The last certificate that we need to replace is the Log Browser Service certificate. The process for replacing the Log Browser certificate is very similar to replacing the certificate for the Inventory Service, and you will need to take many of the same steps to complete this task.
To start this process, you will need to unregister the Log Browser service from Single Sign-On. You can do this with the following command after replacing server.domain.com with your appliance’s fully qualified domain name:
cd /etc/vmware-sso/register-hooks.d ./09-vmware-logbrowser --mode uninstall --ls-server https://server.domain.com:7444/lookupservice/sdk
After you have successfully unregistered the Log Browser Service, you will need to change to the /ssl/logbrowser directory so you can work with the certificates that you copied over from your machine. The process is similar to what you did with the Inventory Service certificates, and you will need to remove the _logbrowser from the file names before creating a .pfx certificate file. The steps we need to take, like the Inventory Service above, are to rename the certificate and key files, concatenate the certificate and the certificate chain, and then create the .pfx certificate file.
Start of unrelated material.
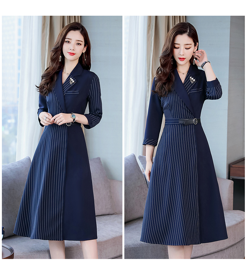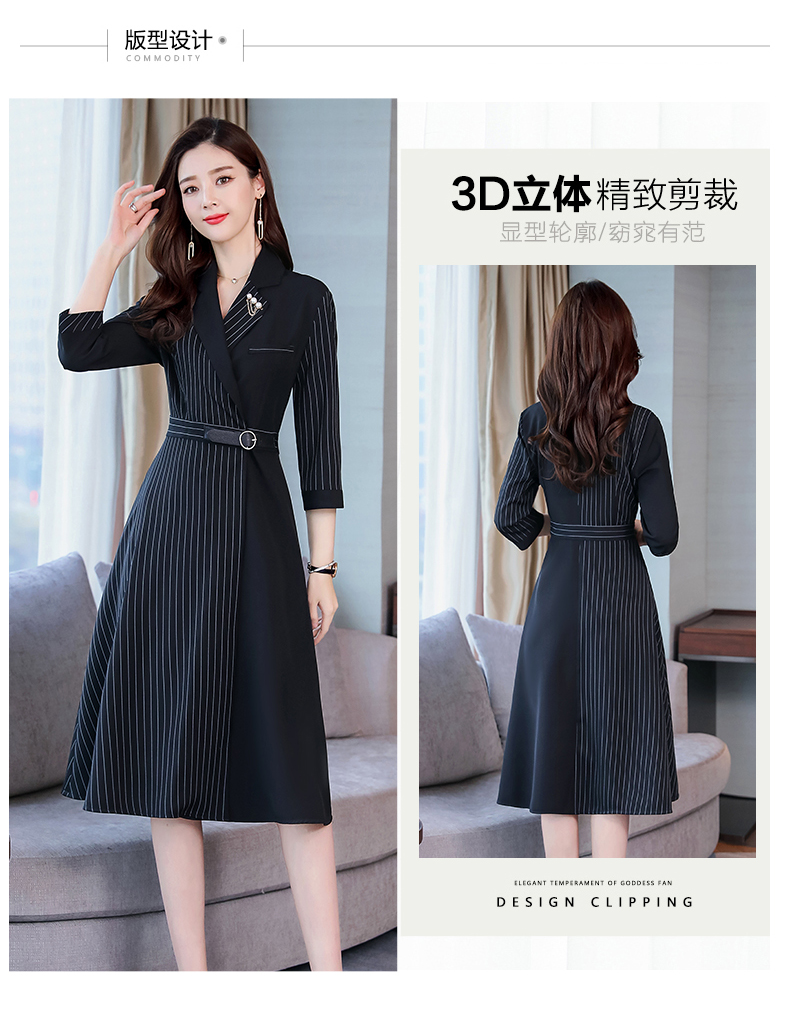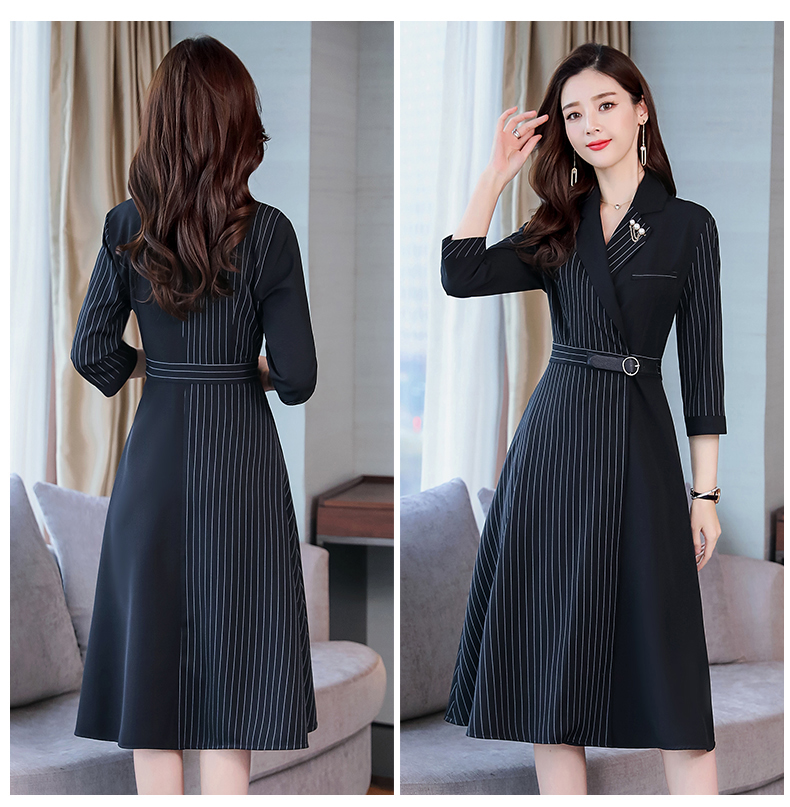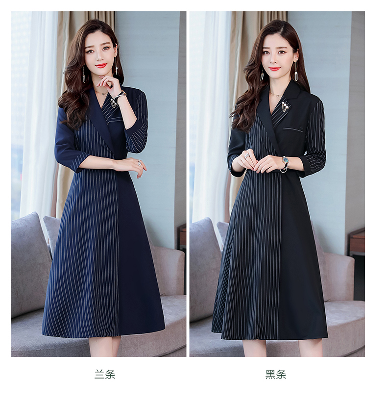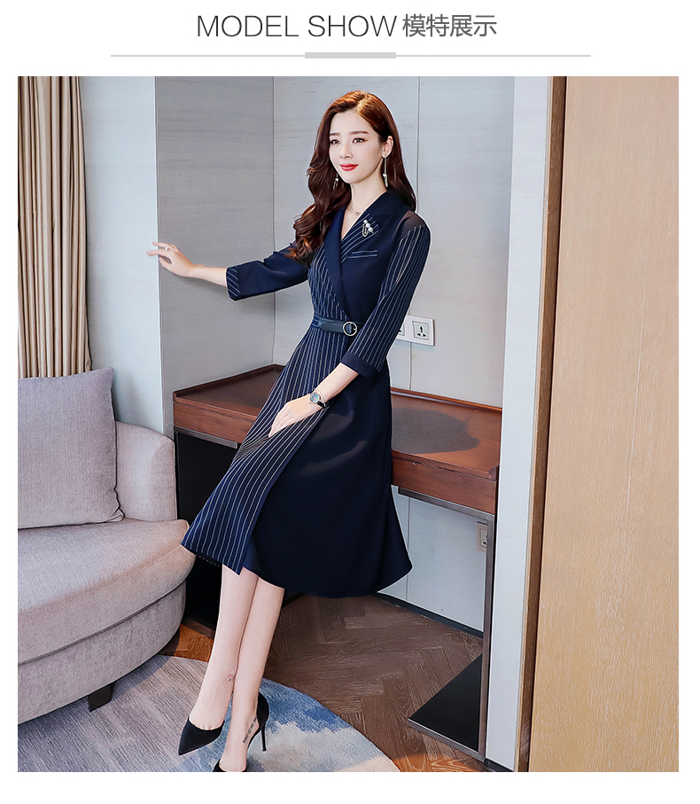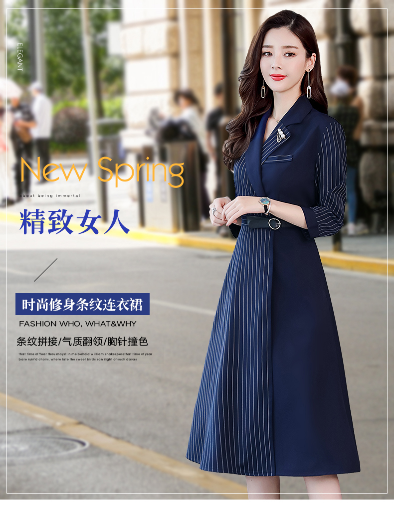 WZNH-ZYQL72时尚潮流舒适简约条纹中长款长袖连衣裙

The commands to do this are:
mv rui_logbrowser.crt rui.crt mv rui_logbrowser.key rui.key cat rui.crt cachain.pem > chain.pem openssl pkcs12 -export -out rui.pfx -in chain.pem -inkey rui.key -name rui -passout pass:testpassword
After you create the rui.pfx file, you will need to copy the rui.pfx, rui.crt, and rui.key files to /usr/lib/vmware-logbrowser/conf and then change the permissions on the certificate files. The commands for this is:
cp rui.pfx rui.crt rui.key /usr/lib/vmware-logbrowser/conf cd /usr/lib/vmware-logbrowser/conf chmod 400 rui.key rui.pfx chmod 644 rui.crt
The last step is to reregister the Log Browser service. The command to do this is below. To run this command successfully, you need to change “server.domain.com” to your server’s fully qualified domain name, sso_administrator to an administrator account in your SSO administrator (probably firstname.lastname@example.org) and sso_password with your SSO password (if you ran the default config, it is blank).
cd /etc/vmware-sso/register-hooks.d ./09-vmware-logbrowser --mode install --ls-server https://server.domain.com:7444/lookupservice/sdk --user sso_administrator --password sso_administrator_password
A successful result will look like the screenshot below:
If you received a success result, you will need to restart the Log Browser service by using the following commands:
service vmware-logbrowser stop service vmware-logbrowser start
The Log Browser service is the last certificate that we’re changing, so you will need to reboot the appliance after you have successfully updated the certificate. The reboot allows all of the new certificates to take effect, and you may encounter certificate errors when logging into the web interface or the C# client until you reboot the appliance.
After a reboot, you shouldn’t see any certificate warnings when logging into the Appliance management webpage or the vSphere Web Client…provided that you’ve installed the root and intermediate certificates on your machine.
Look, Ma! No Certificate Warnings!
This wraps up the process of updating certificates on the vCenter 5.5 appliance. I will be coming back to the vCenter Server Virtual Appliance in the coming weeks when I tackle building a VMware Horizon View environment on vSphere 5.5 (spoilers – Horizon View 5.2 works on vSphere 5.5), but I will be moving on to some other topics that I want to cover.